2.2. Die Beschwerdeführerin rügt, wie bereits im vorinstanzlichen Verfahren,
eine Verletzung ihres Anspruches auf Ersatz der Vollkosten (gemäss Art. 25a
Abs. 5 Satz 2 KVG). Überdies verletze die vorinstanzlich geschützte Regelung
der Beschwerdegegnerin auch die bundesrechtliche Vorgabe, wonach Kantone und
Gemeinden eine umfassende Gewährung der Pflegeleistungen zu Hause sicherstellen
müssen. Die Beschwerdegegnerin habe einzig mit der Spitex Buttisholz/Nottwil
eine Vereinbarung abgeschlossen. Weil diese lediglich eingeschränkte
Betriebszeiten habe, könne von einer Sicherstellung der umfassenden
Grundversorgung keine Rede sein. Die äusserst günstigen Tarife der Spitex
Buttisholz/Nottwil seien nur möglich, weil sie während der höher zu
entschädigenden Rand- und Nachtstunden keine Leistungen erbringe. Die
Vollkosten der freiberuflich Pflegenden seien durch die tiefen Tarife bei
weitem nicht gedeckt.
Im Sinne eines Eventualantrages müssten zumindest die ausserhalb der
Spitex-Öffnungszeiten erbrachten Leistungen höher entschädigt werden als zum
VLG-Tarif. Die Vollkostenrechnung nach dem Finanzmanual des Spitex-Verbandes
Schweiz als Grundlage der Empfehlungen des VLG basiere auf einer
Durchschnittsberechnung zwischen "normalen" Öffnungszeiten und höher zu
entschädigenden Randzeiten. Die Restkosten seien daher gestützt auf eine
Vollkostenrechnung bezogen auf die Zeiten ausserhalb des Spitex-Betriebes zu
erstatten.
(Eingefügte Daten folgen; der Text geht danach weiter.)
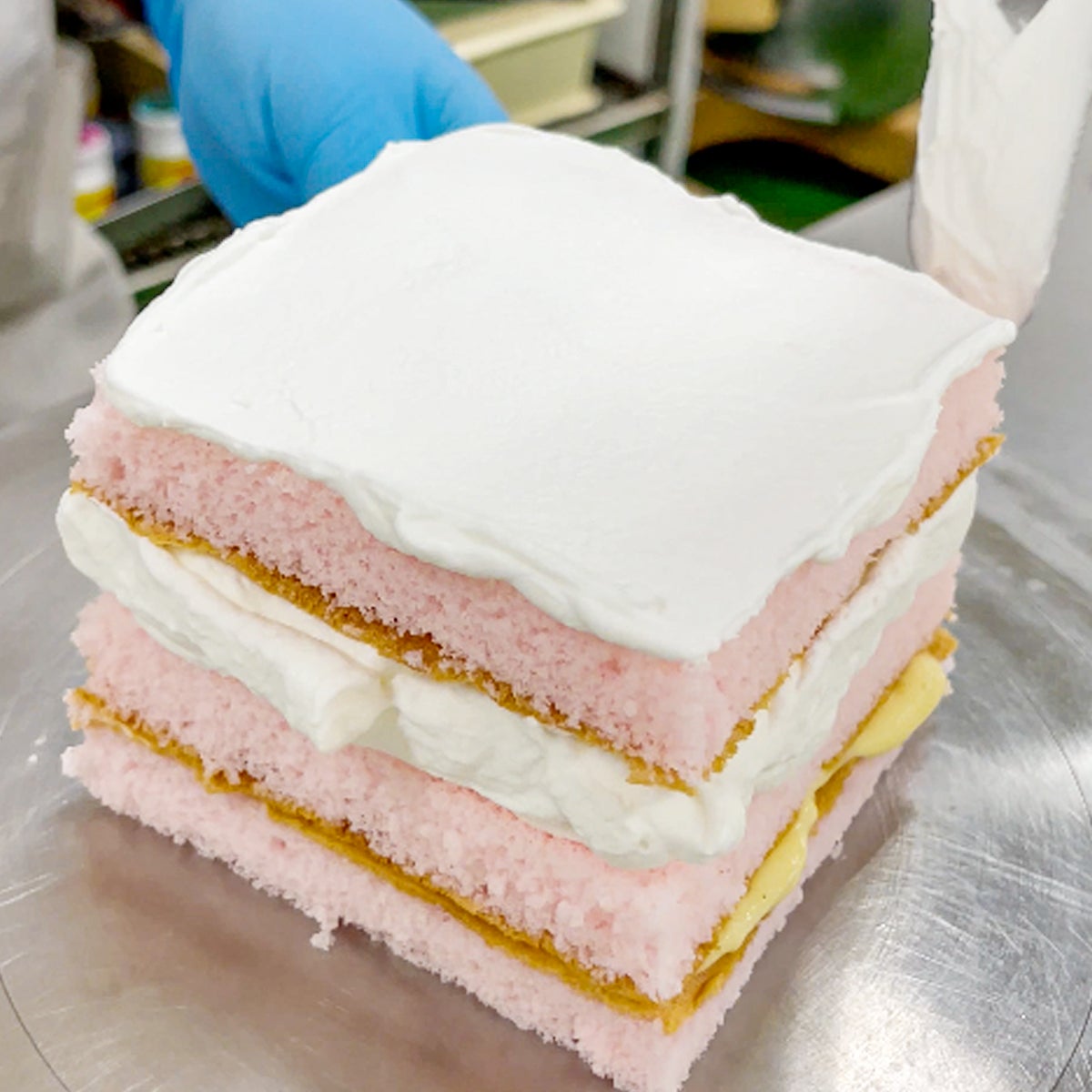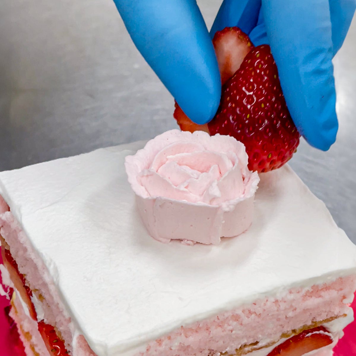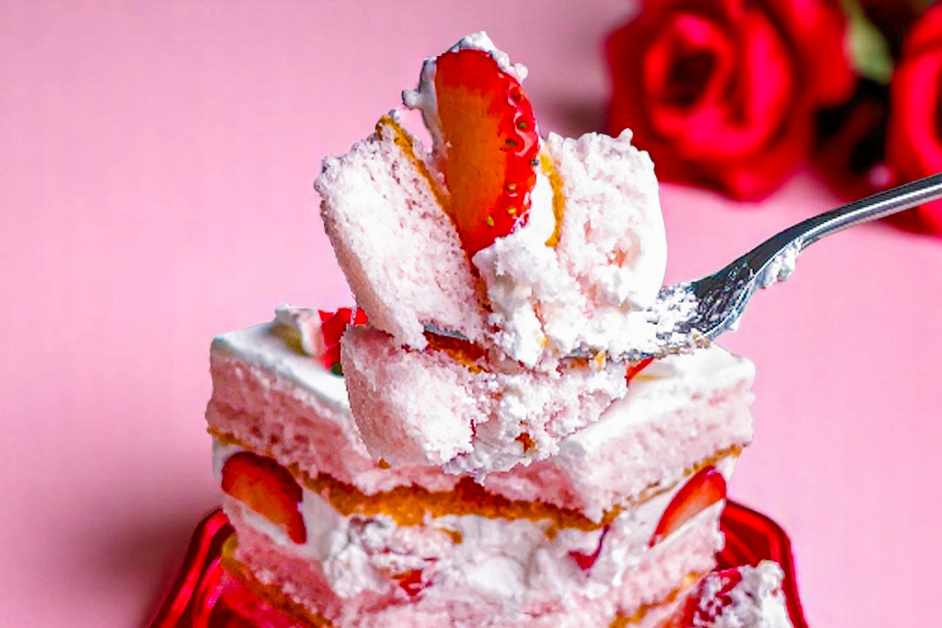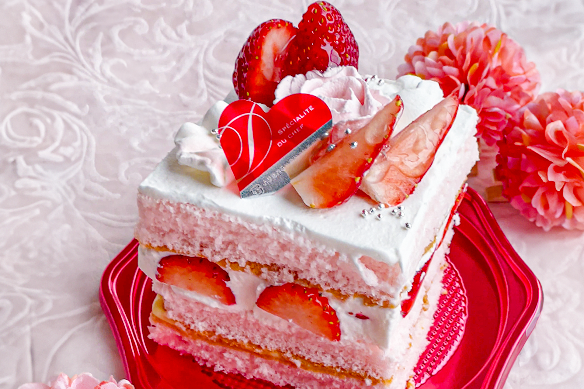 ピンクのスポンジには、苺の濃縮エキスを加えた特製シロップをたっぷり染み込ませ、しっとりふわふわの食感に仕上げました。ひと口頬張れば、ふわっと広がる苺の香りに、思わずうっとり。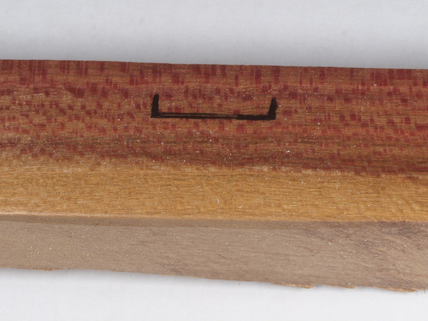 Das "Holz" ist abgelagert, frisch gesägt , geschliffen und angefeuert, sowie mit Weißabgleich und Macro fotografiert. Der eingezeichnete Maßstab beträgt 1 cm.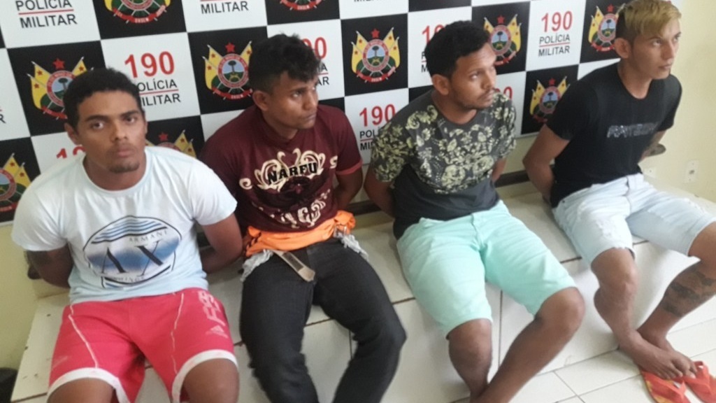 Policiais Militares do 3°Batalhão prenderam na tarde desta terça-feira (14,) Luiz Bonaparte Nunes, 23 anos, Edilson da Silva Lima, 24 anos, Erivan Moura de Arruda, 19 anos, e Genilson Pereira, de 26 anos. Eles são acusados de cometer roubos na capital. A prisão aconteceu na rua do Futuro, no bairro Boa Vista, na Sobral.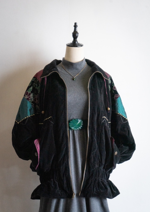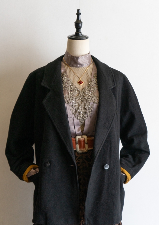 80's Euro Mustard Color Linning Black Wool Tailored Jacket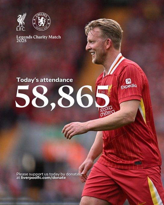 2025-03-23 03:16:56捧場!利物浦vs切爾西傳奇慈善賽現場共計有58865名觀眾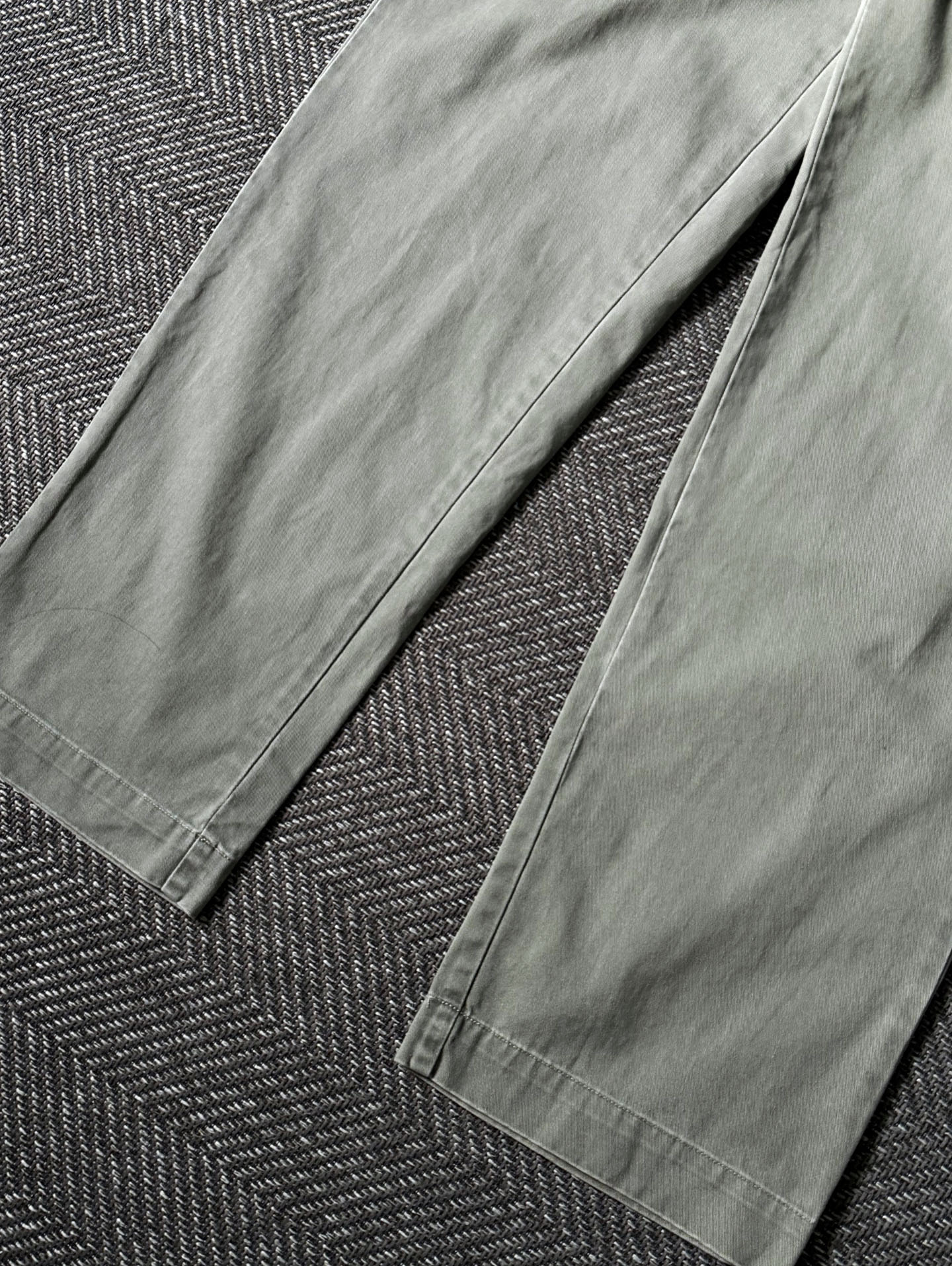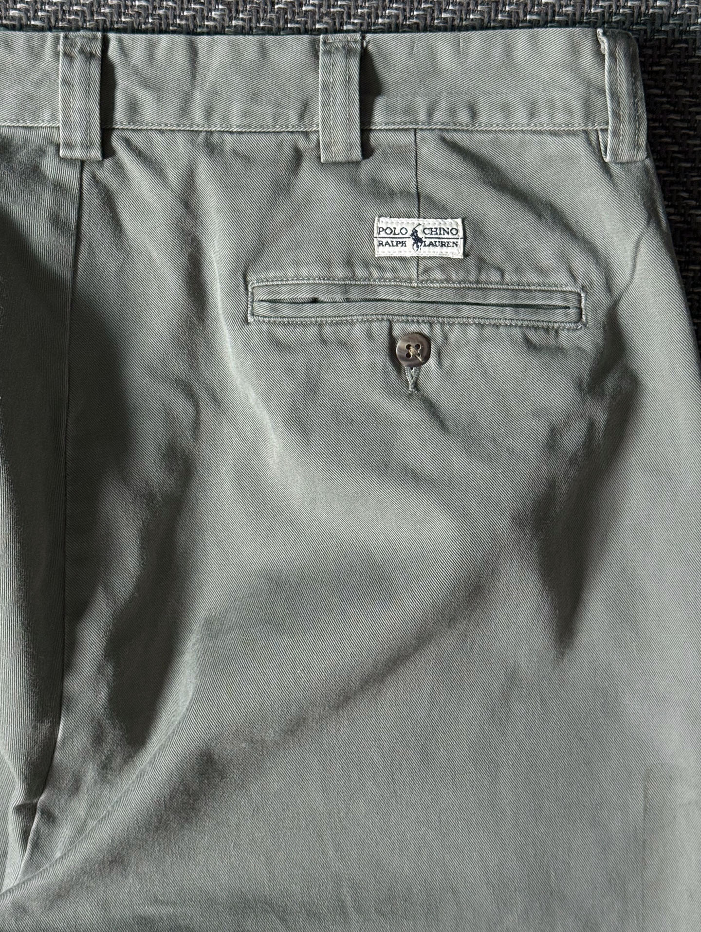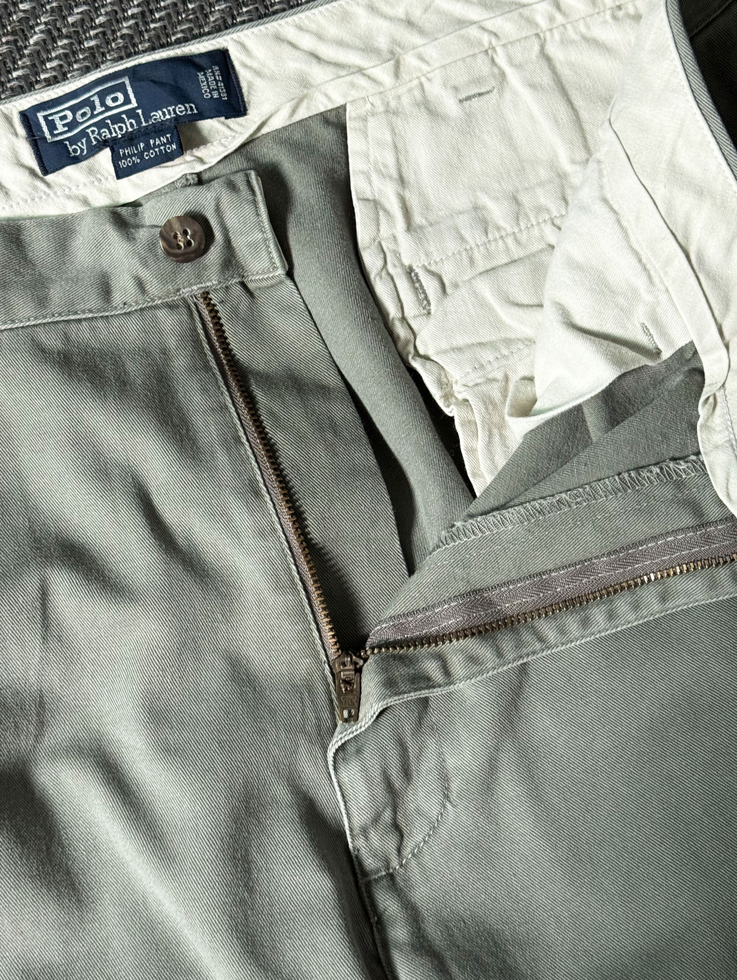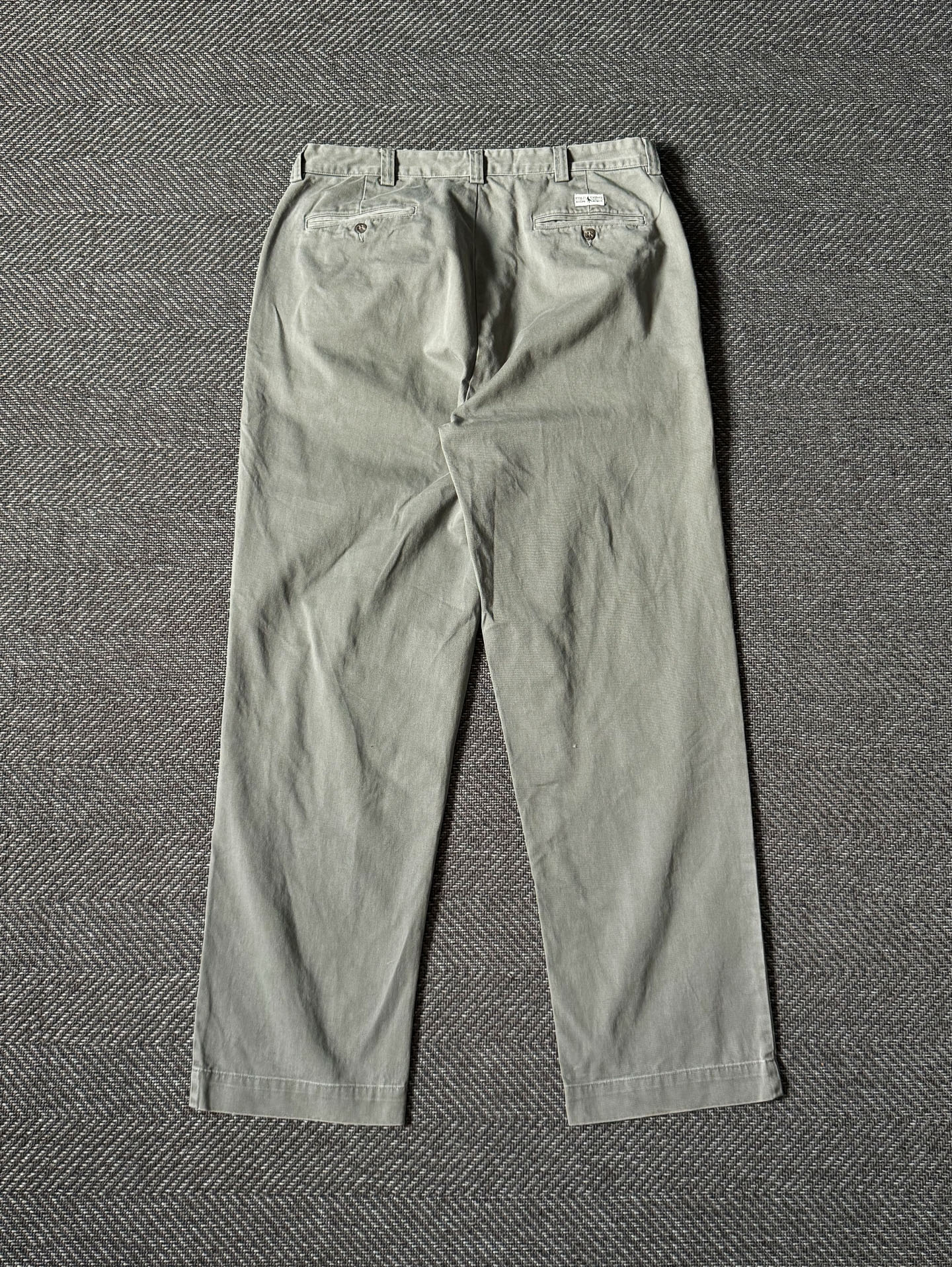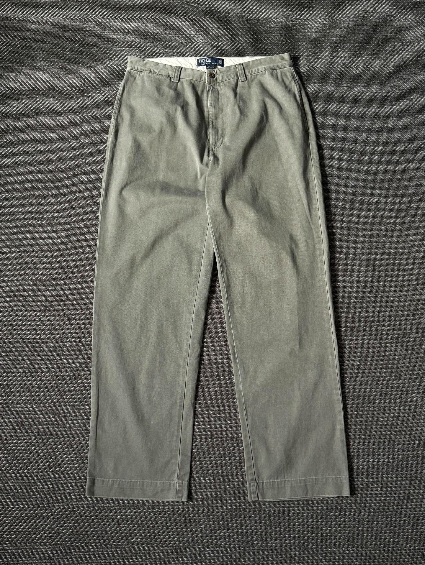 고밀도 100% 코튼 트윌 원단을 사용해 부드럽고 탄탄한 질감을 갖췄으며, YKK 지퍼 플라이, 내추럴 브라운 버튼, 그리고 Polo Chino Ralph Lauren 백라벨 등 당시 폴로 치노 라인의 정통 디테일이 잘 보존되어 있습니다. 은은한 세이지 그린 컬러로 어떤 코디에도 부드럽게 어울리며, 전체적으로 하자 없는 양호한 빈티지 컨디션을 유지하고 있습니다. 실측 34정도 되는 사이즈입니다.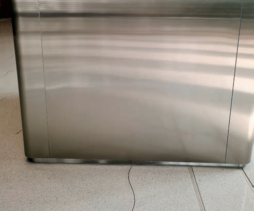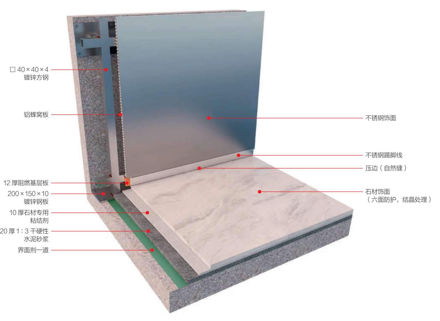 3.现场交底:交底内容包括完成面放线尺寸,收口节点大样,墙面蜂窝不锈钢、地面排板下单图等关键内容。不锈钢踢脚线基层板安装位置应合理,施工应平整、牢固,墙根处地面石材应延伸至踢脚线完成面10~20 mm,避免出现质量隐患。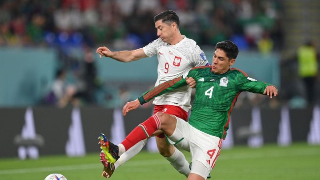 Babak pertama duel Meksiko vs Polandia di 974 Stadium sudah selesai. Tak ada gol tercipta.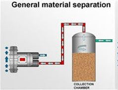 Dank seiner kompakten Bauweise und vibrationsfreien Konstruktion ist der e07MD einfach in bestehende Systeme zu integrieren. In der dargestellten Anwendung wird das Material effizient in eine Sammelkammer transportiert, was eine saubere und effiziente Arbeitsumgebung gewährleistet.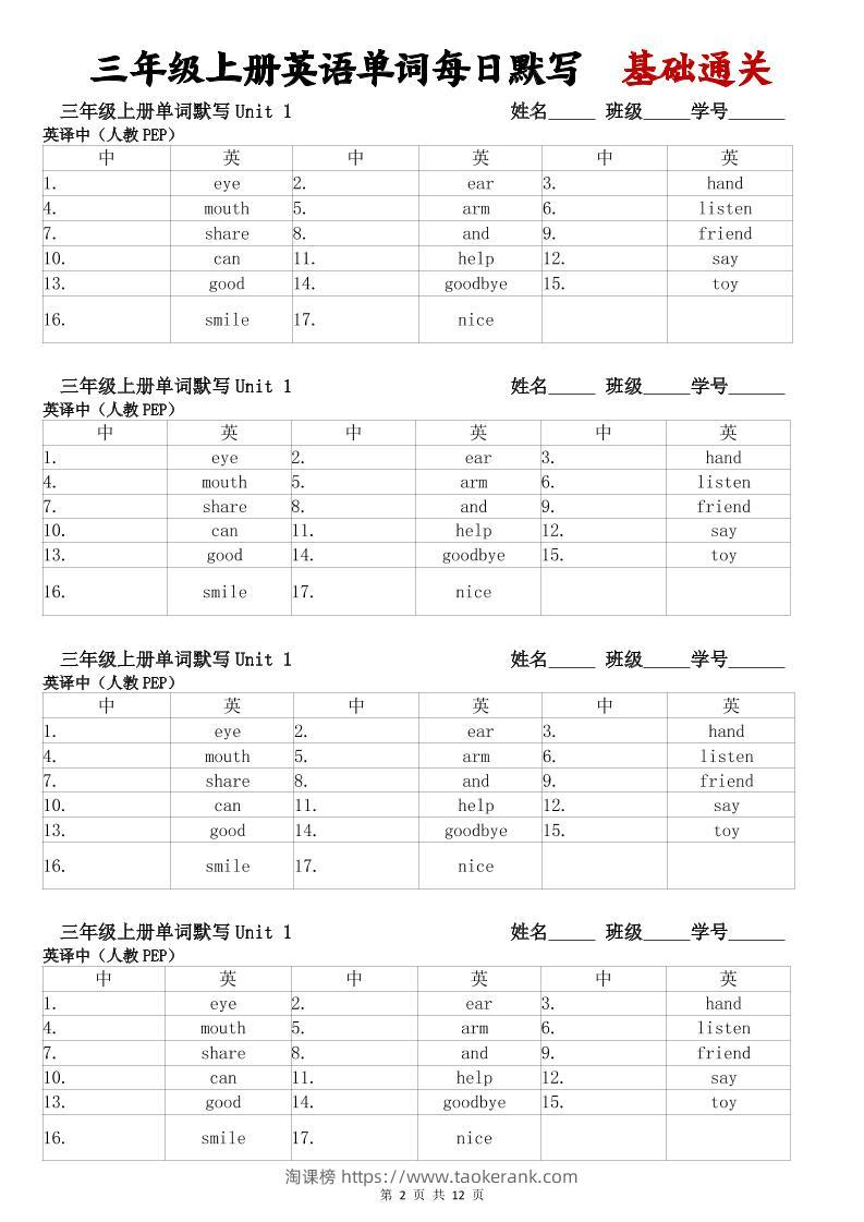 三年级上册英语单词每日默写基础通关taoke16天前发布关注356三年级上册英语单词每日默写基础通关此内容为付费资源,请付费后查看9.919.9月VIP免费永久VIP免费立即购买您当前未登录!建议登陆后购买,可保存购买订单格式pdf页数12 页大小252.81 KB付费资源 ——预览已结束,还剩10页未读——开通会员后可免费下载高清完整文档 © 版权声明文章版权归作者所有,未经允许请勿转载。THE END小学英语 喜欢就支持一下吧点赞6收藏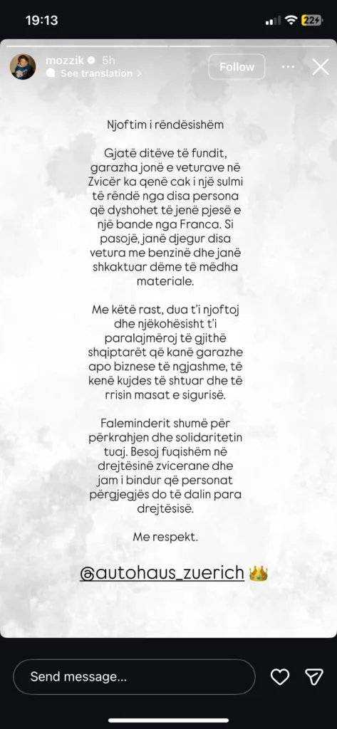 “Gjatë ditëve të fundit, garazha jonë e veturave në Zvicër ka qenë cak i një sulmi të rëndë nga disa persona që dyshohet të jenë pjesë e një bande nga Franca. Si pasojë, janë djegur disa vetura me benzinë dhe janë shkaktuar dëme të mëdha materiale.”
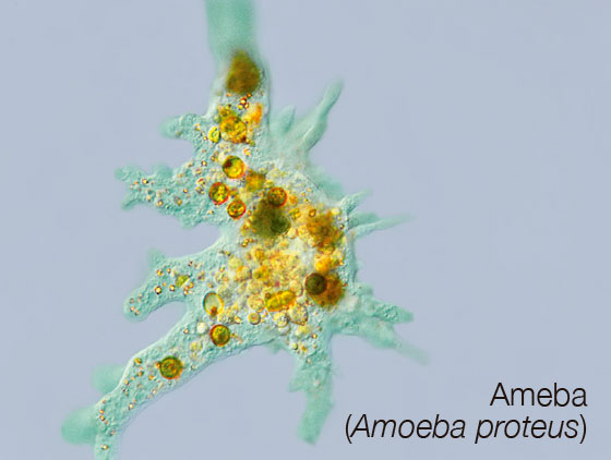 Los animales de agua dulce (izquierda) tienen fluidos corporales osmóticamente más concentrados que el agua en la que viven y son todos osmorreguladores. El agua tiende a entrar en sus tejidos por ósmosis y debe ser expulsada para evitar que inunde el cuerpo. Los protozoos simples (como la ameba, derecha) utilizan vacuolas contráctiles para recoger el exceso de agua y expulsarlo.

Soweit die Vorinstanz eine eingehende Prüfung der Vollkostenrechnung
im Einzelfall zum Vornherein als zwecklos erachtet und darauf verzichtet habe,
habe sie in mehrfacher Hinsicht Bundesrecht verletzt. Ohne vorgängige
Ermittlung der spezifischen Kosten ausserhalb der Spitex-Betriebszeiten könnten
die Empfehlungen des VLG nicht als ein in der kantonalen
Legiferierungskompetenz liegender Pauschalentschädigungsansatz gesehen werden.
Die für freiberufliche Pflegefachleute nicht kostendeckenden Tarife der Spitex
Buttisholz/Nottwil führten dazu, dass freiberufliche Pflegefachpersonen während
der Spitex-Zeiten keine Leistungen mehr anbieten und Anfragen von Klienten für
diese Zeit abweisen würden, was die Wahlfreiheit faktisch aufhebe. Patienten in
Nottwil, die ausserhalb der Spitex-Zeiten Pflege benötigten, müssten sowohl mit
der Spitex als auch mit privaten Pflegefachpersonen zusammenarbeiten, was
unnötigen administrativen Aufwand und unzumutbare Wechsel der Pflegenden
bedinge. Für solche Patienten könne die Beschwerdegegnerin keine "geeigneten
Pflegeleistungen" anbieten, weshalb nach § 8 Abs. 2 PFG die gesamten Leistungen
nach den Empfehlungen des VLG zu entschädigen seien.

3.

3.1. Seit Inkrafttreten der Neuordnung der Pflegefinanzierung am 1. Januar 2011
leistet einerseits die obligatorische Krankenpflegeversicherung (OKP) einen
Beitrag an die Pflegeleistungen, welche aufgrund einer ärztlichen Anordnung und
eines ausgewiesenen Pflegebedarfs ambulant oder im Pflegeheim erbracht werden
(Art. 25a Abs. 1 KVG). Anderseits haben sich sowohl die Versicherten als auch
die öffentliche Hand an den Pflegekosten zu beteiligen. Die Modalitäten der
Restfinanzierung der Pflegekosten regeln die Kantone (Art. 25a Abs. 5 Satz 2
KVG; BGE 138 V 377 E. 5.1 S. 381), wobei diese kantonale Zuständigkeit nichts
daran ändert, dass der grundsätzliche Anspruch auf Übernahme der ungedeckten
Pflegekosten durch die öffentliche Hand (Kanton oder Gemeinden)
bundesrechtlicher Natur ist (BGE 140 V 58 E. 4.1 S. 62). Leistungserbringer
sind - je nach kantonaler Regelung - Kantone oder Gemeinden, also Personen
öffentlichen Rechts, die grundsätzlich nicht dem KVG unterstellt sind, da sie
ihre Leistungen nicht zu Lasten der obligatorischen Krankenpflegeversicherung
abrechnen (BGE 140 V 563    E. 2.2 S. 566).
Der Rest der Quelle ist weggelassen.